INPUT RECORDS Block Start
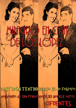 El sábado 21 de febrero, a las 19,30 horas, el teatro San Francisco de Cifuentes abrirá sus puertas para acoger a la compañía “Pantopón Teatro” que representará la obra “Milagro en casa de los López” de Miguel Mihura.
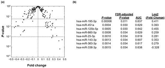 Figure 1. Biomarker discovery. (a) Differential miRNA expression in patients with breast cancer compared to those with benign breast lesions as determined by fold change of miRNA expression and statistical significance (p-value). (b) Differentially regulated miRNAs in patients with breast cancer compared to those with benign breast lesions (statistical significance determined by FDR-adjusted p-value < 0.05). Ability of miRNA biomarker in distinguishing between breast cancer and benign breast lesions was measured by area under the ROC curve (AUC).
INPUT RECORDS Block End
INPUT RECORDS Block Start
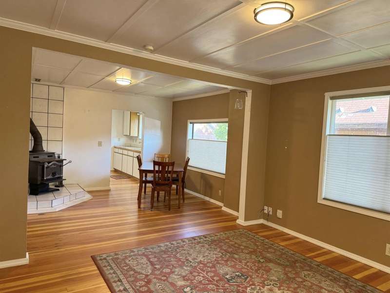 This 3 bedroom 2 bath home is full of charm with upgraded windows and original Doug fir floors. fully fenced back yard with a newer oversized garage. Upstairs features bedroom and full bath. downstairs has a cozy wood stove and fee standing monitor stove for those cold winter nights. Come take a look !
INPUT RECORDS Block End
INPUT RECORDS Block Start
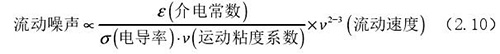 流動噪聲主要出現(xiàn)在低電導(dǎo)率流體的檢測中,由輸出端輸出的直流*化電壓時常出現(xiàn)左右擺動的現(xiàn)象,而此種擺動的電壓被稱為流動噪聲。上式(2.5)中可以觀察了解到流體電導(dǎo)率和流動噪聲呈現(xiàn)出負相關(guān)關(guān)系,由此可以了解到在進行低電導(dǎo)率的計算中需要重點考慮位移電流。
INPUT RECORDS Block End
A verbatim reproduction is expected: starting at the line above that has "El sábado 21", ending at the line that has "Figure 1. Biomarker", both included, and with no pictures and no other lines.

 El sábado 21 de febrero, a las 19,30 horas, el teatro San Francisco de Cifuentes abrirá sus puertas para acoger a la compañía “Pantopón Teatro” que representará la obra “Milagro en casa de los López” de Miguel Mihura.
 Figure 1. Biomarker discovery. (a) Differential miRNA expression in patients with breast cancer compared to those with benign breast lesions as determined by fold change of miRNA expression and statistical significance (p-value). (b) Differentially regulated miRNAs in patients with breast cancer compared to those with benign breast lesions (statistical significance determined by FDR-adjusted p-value < 0.05). Ability of miRNA biomarker in distinguishing between breast cancer and benign breast lesions was measured by area under the ROC curve (AUC).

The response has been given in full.